A carteira recomendada de FIIs do Santander passou por ajustes pontuais em maio de 2026, refletindo a estratégia da instituição diante de um cenário de juros elevados por mais tempo. A principal alteração foi o aumento marginal na exposição ao fundo Kinea Rendimentos Imobiliários (KNCR11), acompanhado por uma leve redução na participação do Bresco Logística (BRCO11).
De acordo com os analistas, a decisão está alinhada à expectativa de manutenção de taxas de juros em patamares elevados, o que favorece fundos de papel indexados ao CDI. Nesse contexto, o KNCR11 tende a apresentar maior previsibilidade de rendimentos, com estimativa de dividend yield próxima de 12,8% nos próximos 12 meses.
O fundo possui uma carteira diversificada de Certificados de Recebíveis Imobiliários (CRIs), majoritariamente classificados como high grade, além de contar com garantias robustas, como alienação fiduciária e cessão de recebíveis.
Outro ponto destacado é a recente captação de aproximadamente R$ 3,2 bilhões pelo KNCR11, fortalecendo sua posição de caixa e ampliando a capacidade de investimento em novos ativos.
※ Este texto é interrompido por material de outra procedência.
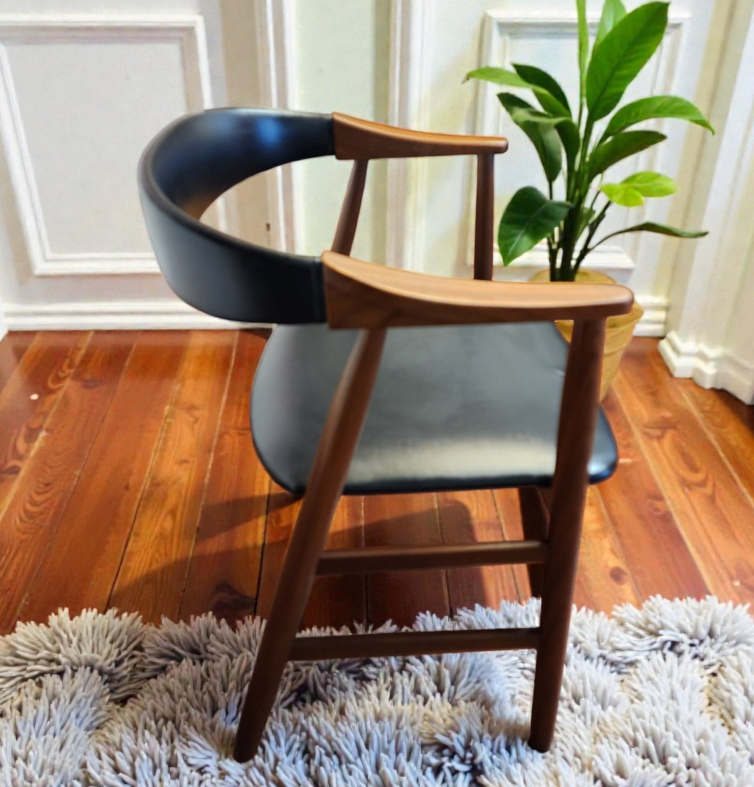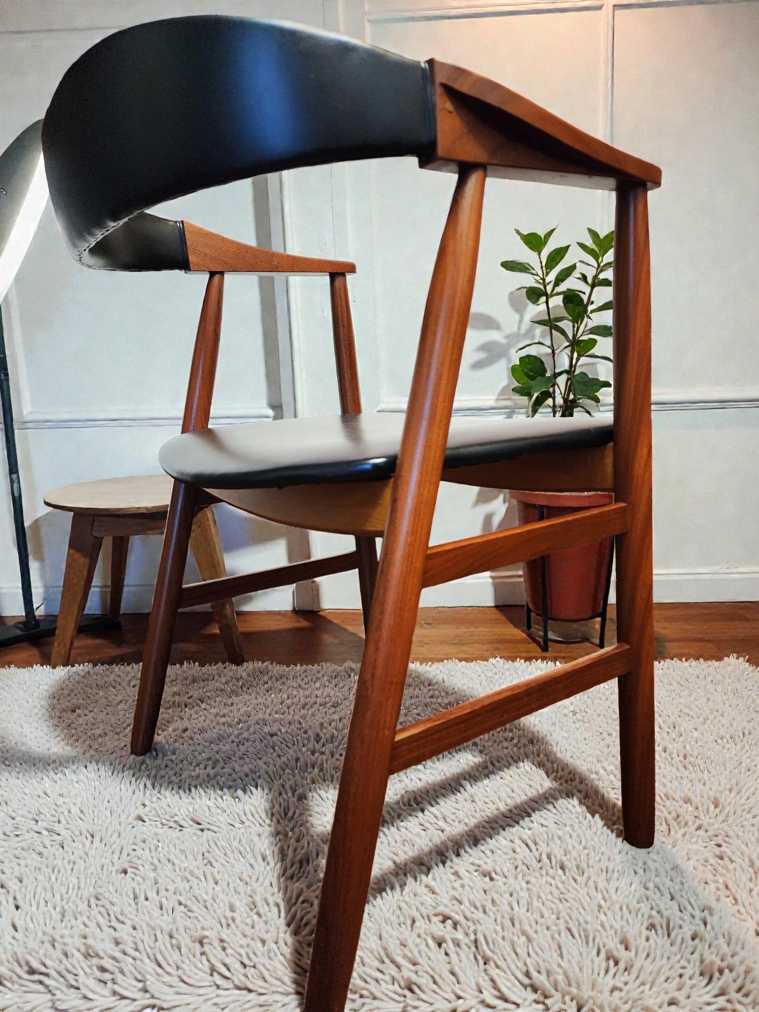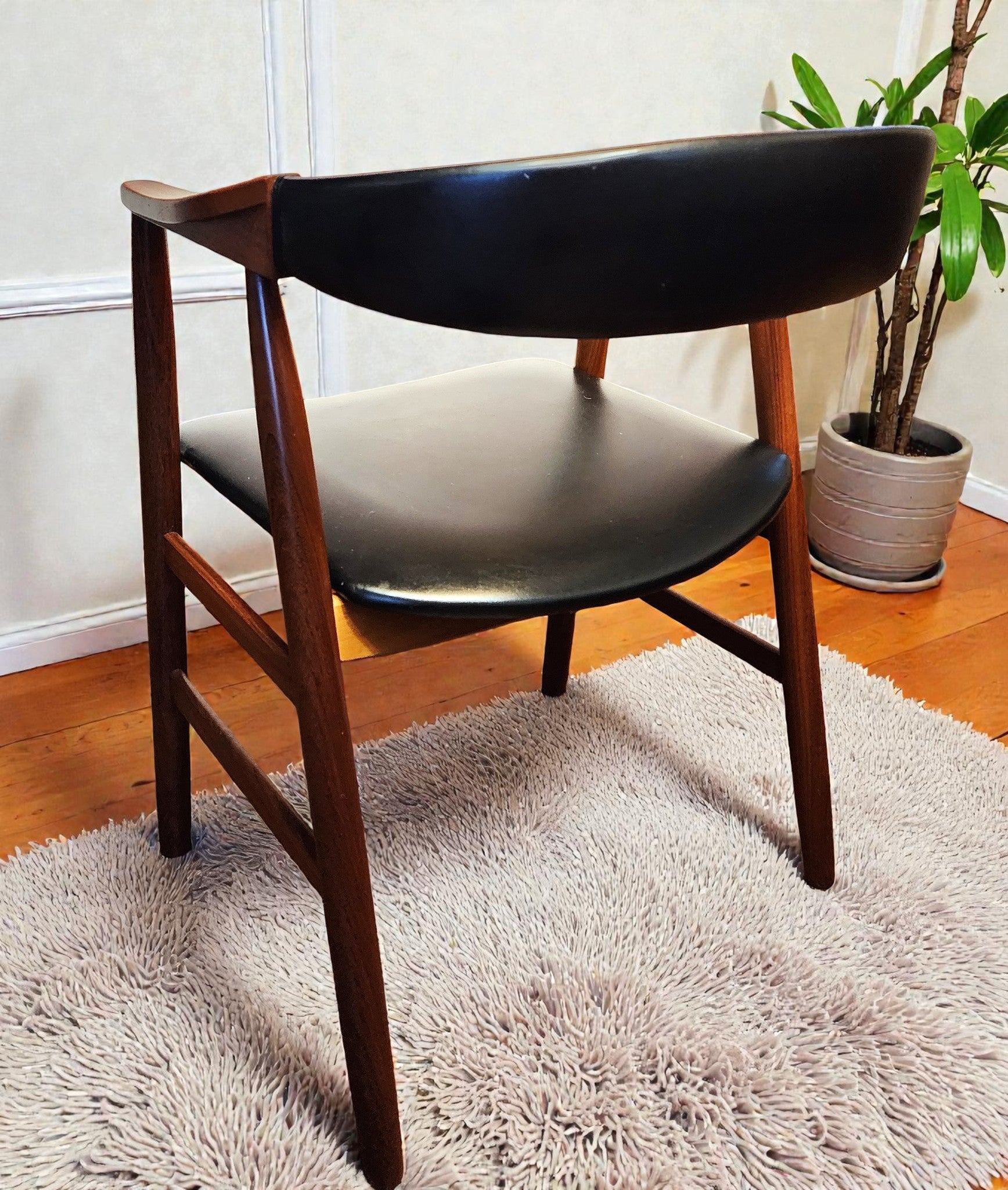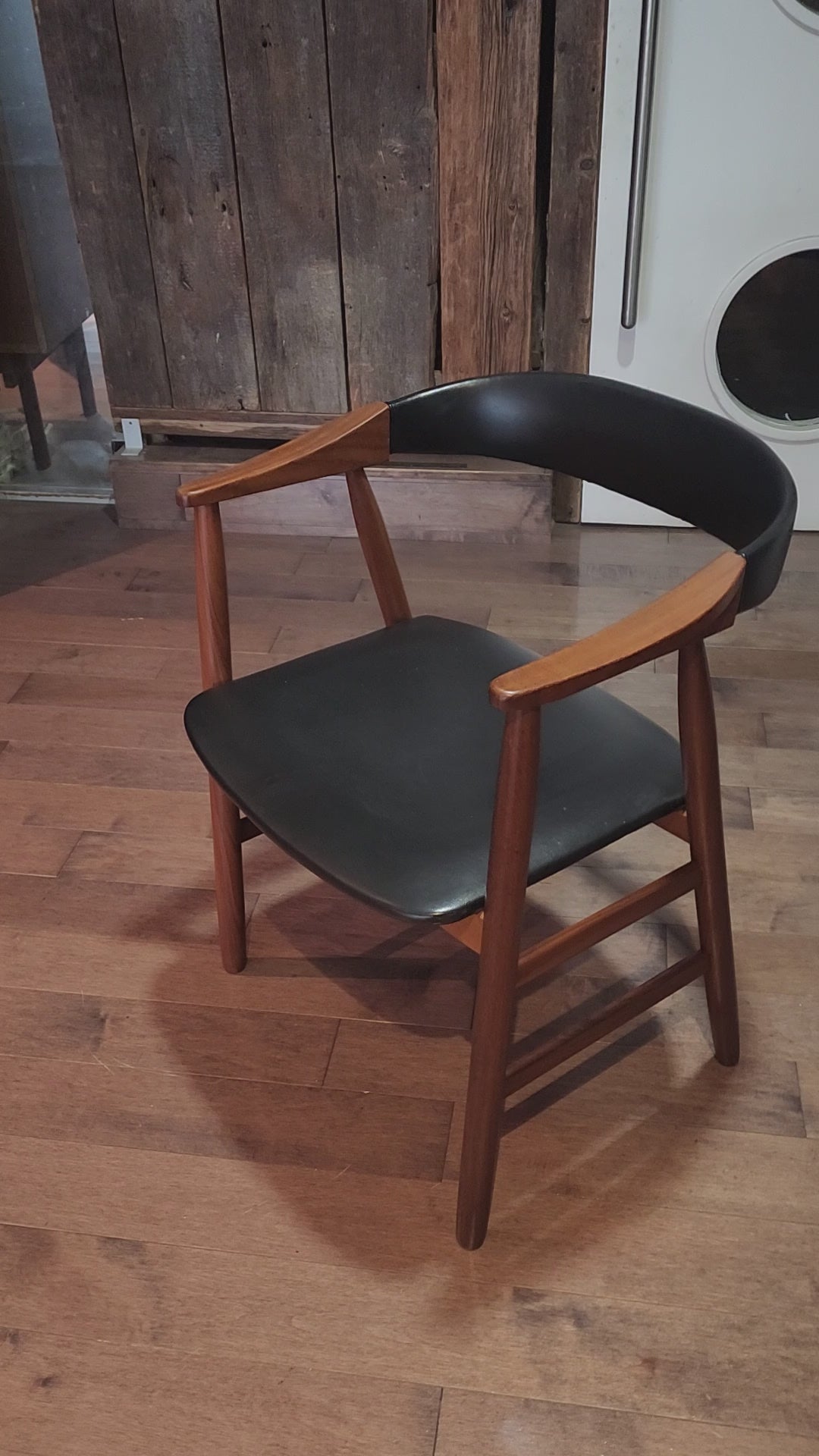 We stripped, sanded, and refinished the wooden frame with Danish oil, and the original black leather-like upholstery is in good shape.
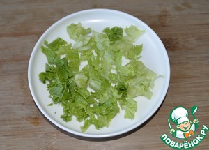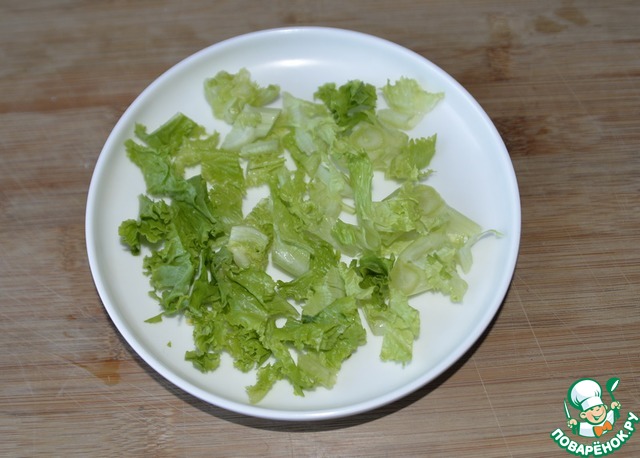Листья салата моем, обсушиваем, рвём или режем, кладём на блюдо.
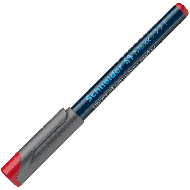 Permanentinis žymeklis SCHNEIDER Maxx 222 F. Plastikinis korpusas. Atsparus vandeniui. Neuždžiūna paliktas atidarytas keletą dienų. Galima rašyti ant įvairių paviršių. Apvalia galvute. Brėžio storis 0.7 mm. Raudonos spalvos.
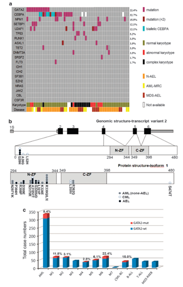 AEL 中的突变【a】58 个 AEL 病人的突变分布图;【b】GATA2 蛋白的结构;【c】GATA2 突变在 AML, CML-BC, MDS 及 ALL. 中的患病率。

A carteira do fundo é praticamente integralmente indexada ao CDI, característica que potencializa seus rendimentos em ambientes de juros elevados.
Carteira recomendada de FIIs mantém exposição a logística
Apesar da redução marginal, o BRCO11 segue com recomendação de compra dentro da carteira recomendada. Segundo o banco, o movimento não reflete deterioração dos fundamentos do fundo, mas sim um ajuste tático para acomodar maior exposição ao KNCR11.
O Bresco Logística é reconhecido pela qualidade de seu portfólio, composto por galpões logísticos classificados entre AAA e AA, com localização estratégica — incluindo forte presença no estado de São Paulo. Além disso, o fundo possui contratos de longo prazo, com cerca de 85% dos vencimentos previstos após 2028, o que contribui para maior previsibilidade de receitas.
A base de inquilinos também é considerada um diferencial, reunindo empresas de grande porte como Natura, Mercado Livre e Whirlpool. Para os próximos 12 meses, a estimativa é de um dividend yield em torno de 9,4%.
O objetivo da carteira segue sendo superar o desempenho do IFIX ao longo de um horizonte de 12 a 24 meses, priorizando fundos com maior previsibilidade de rendimentos sem abrir mão de oportunidades de valorização no médio prazo.